When you’re growing as a person, you’ll find yourself alone at some point.
This aloneness is called friendship purgatory. A period of time where you’ll have no real friends. For the socially awkward, I’m sure they’re quite familiar with this.
You can find yourself here in two ways, by choice or by lack of social skills. Both are the same in the sense you’re growing (or need to grow) and you simply don’t match with the people who are around you.
Smart people tend to be a bit more socially awkward.
This awkwardness thrusts you into friendship purgatory. A painful time because you don’t fit in and you don’t have a group to call your own. Nobody is going to tell you how to be less socially awkward too, so it’s something you have to figure out on your own. But this compounds the problem.

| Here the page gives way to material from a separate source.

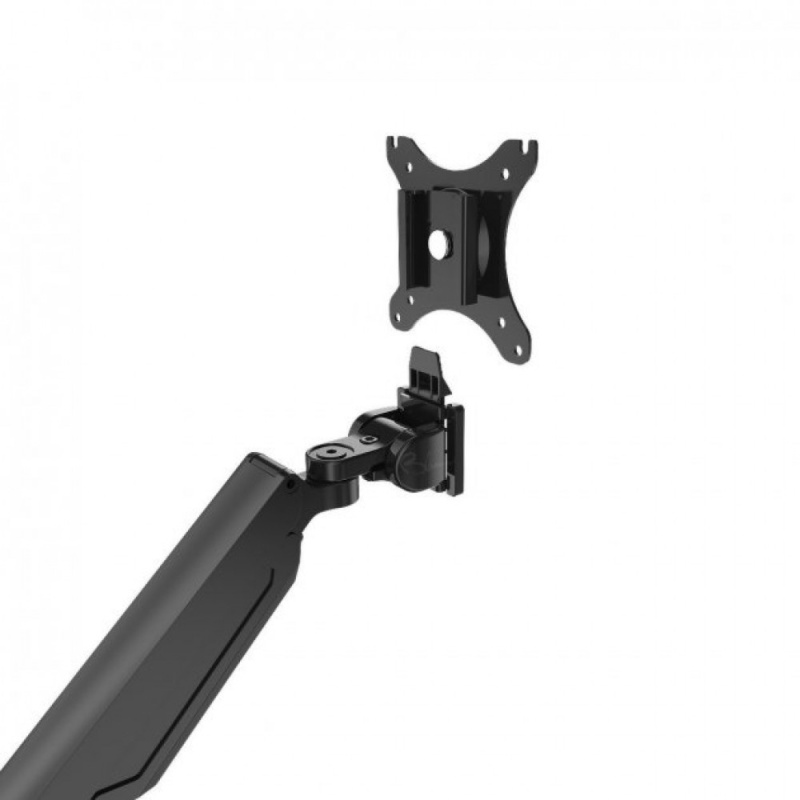 Газовая пружина в основании крепления позволяет поднимать монитор на удобную высоту, а шарнирный крепеж регулировать положение монитора на вашем столе.

You fall behind on your social skills development because you never get a chance to develop yourself.
There is no easy solution for these types.
The best starting point is to read books on persuasion and how to influence people, then apply what you learn. You’re socially awkward. This is a gigantic beast that must be slain for you to move forward and live a happy, productive life. It’s a problem, a person crisis you must solve. Small talk, understanding other peoples needs and having the fortitude to stand up for yourself against cry bullies are essential skills you’ll have to cultivate.
This will get you out of your exile to friendship purgatory.
You’ll start to develop relationships, enjoy nights out, go to parties and not feel weird, socially drink and enjoy that aspect of life. Basically do the things everyone else was doing while you were being awkward.
Yet you may return again though, sooner than you think.
The next time will be on your terms however.
Let me explain.
Most want to fit in, especially people who don’t. But once you start to fit in, you realize that the majority of people are pretty stupid, boring or some combination of the two and not really worth your time. If you’re not one for the quite life of desperation (David Thoreau), you’ll want to achieve a high level of success for your finances and lifestyle.
You can’t do this if you’re surrounded by very average people.
Not to say that average people are bad, but when you look at someone like a military officer, a CEO or a doctor. Think and reflect.
Who are their friends and why?
People of a similar social status and mindset.
Sometimes this is a personal decision, other times it that comes about by happenstance. Your social circle is normally made up of people you work with or live near. But how many of your friends are such because you choose them and they choose you?
How many are at a higher level than you? Make a lot of money by most peoples standards? Have their own business? Travel the world? Are in great shape? Have great people skills?
If not, start doing interesting stuff.
Winners want to hang out with winners. Interesting and dynamic people are always up to something. Average people do the same thing year after year. They’re the type that you come back home to after living abroad and realize that NOTHING has changed for them.
So what about you? What’s changed for you? What interesting project are you up to? Are you building something? Writing something? Doing something new? Anything? ANYTHING?
So two YouTubers and small business owners I really like are Nick Bare and Radu Antonio. Nick is an ROTC grad who just finished up his military commitment in Korea. He launched his business while in college and grew it and his YouTube channel DESPITE being an officer in the US Army and having to work from 6 am to 5 pm everyday. Meaning, he worked non-stop for years and years.
Radu is a young guy from Romania who built his fitness business with his YouTube channel by working hard and building the right relationships. He passed $30,000 a month in income and is now working on his first fitness app.
These guys are are up to something. They’re busy living interesting lives.
Who do you think their friends are? Pot smoking hipsters? Weak, beta male video gamers?
They’re busy doing stuff, people want to be apart of whatever it is their doing because success is attractive. As such, they attract a higher quality person.
Embrace being alone
When you’re alone because you’re awkward, that sucks. But when you’re alone because you’re a man on a mission (or woman) who is striving to do something difficult and interesting, it’s a good re-frame to adopt.
I’m not alone, i’m just in friendship purgatory.
I don’t really match with anyone around me, but this is temporary.